Ce contrôle prend au quotidien la forme d’un « interventionnisme politique » dont parle Alou (2001: 72) pour désigner les initiatives concrètes que le gouvernement entreprend dans ce sens. De son point de vue, une de ces initiatives concerne l’affectation des magistrats par laquelle l’exécutif s’assure d’avoir des proches ou des fidèles à des postes stratégiques de l’appareil judiciaire. Une fois cette étape de vassalisation de la justice franchie, des obstructions peuvent être posées facilement au travail des juges, notamment dans le traitement des dossiers jugés brulants. Selon l’auteur, celles-ci relèvent de la responsabilité personnelle du ministre de la Justice qui, face à de tels dossiers, prend alors attache avec les magistrats préalablement promus au sommet de la hiérarchie judiciaire de manière à ce qu’ils interviennent auprès de leurs collègues en charge du dossier en cause pour infléchir leur verdict. D’après Ngimbog (2002), ceux-ci de leur côté ne pourront faire autrement que de se montrer complaisant en exécutant, sans état d’âme, les consignes du ministre dans la mesure où cela leur facilite en retour des promotions que l’auteur qualifie de « prime à la fidélité et au clientélisme politique » (p. 304). Dans ces conditions, relève-t- il, on ne pourra s’étonner que des procédures dans lesquelles les pouvoirs politiques et leurs alliés sont impliqués restent le plus souvent lettre morte, mettant la justice au service des puissants et faisant ainsi de la légalité un principe constitutionnel sans saveur pratique dans ces États.

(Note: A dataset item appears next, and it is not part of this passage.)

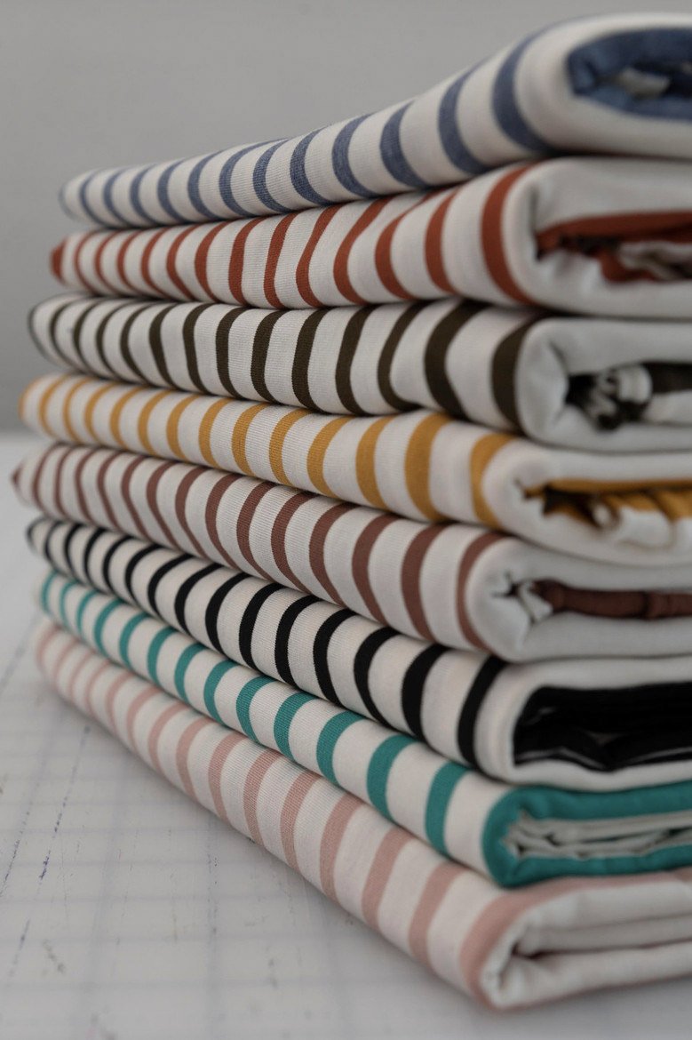 This Striped Rayon Jersey is a dream fabric for sewists who love softness, movement, and effortless style. The breathable rayon blend drapes beautifully, while the spandex content ensures a flattering fit. With seven stripe colorways to choose from, you can create unique, eye-catching garments. Deadstock alert—once it's gone, it's gone!

Il convient toutefois de souligner que l’interventionnisme politique n’est pas l’unique cause à l’origine du manque d’indépendance de la justice dans les pays noirs africains. Cet état de fait découle également des pratiques contraires à l’éthique professionnelle auxquelles se livrent les magistrats eux-mêmes. Il en est ainsi de la corruption par laquelle ils échangent les décisions de justice contre des récompenses financières, cultivant ainsi, non pas les valeurs démocratiques comme l’égalité et la légalité, mais plutôt, et aussi paradoxal que cela puisse paraitre, l’arbitraire et les passe-droits. À ce propos, Alou (2001) souligne que différentes décisions comme l’affection des prévenus dans les quartiers de la prison, le classement des affaires sans suite, les remises de peine ou la liberté provisoire sont au cœur des « transactions marchandes » (p. 68) entre les magistrats et les justiciables dans les

tribunaux. Il en est de même, selon lui, des actes judiciaires comme les extraits de casiers judiciaires, les jugements supplétifs et les certificats de nationalité, leur établissement étant conditionné par des rétributions financières réclamées aux usagés. À son avis, s’ajoutent à ce type de corruption les services que les magistrats rendent à leurs nombreux « parents » en prenant certaines décisions en leur faveur, non pas en se référant à la loi, mais plutôt en se basant sur les liens de solidarité claniques qui les rapprochent. Comme on peut le voir, la justice s’exerce ainsi dans ces pays au profit des personnes nanties, lesquelles bénéficient alors d’une certaine impunité contrairement aux citoyens des classes sociales défavorisées qui ne disposent pas de ressources pouvant leur permettre « d’acheter » les décisions de justice.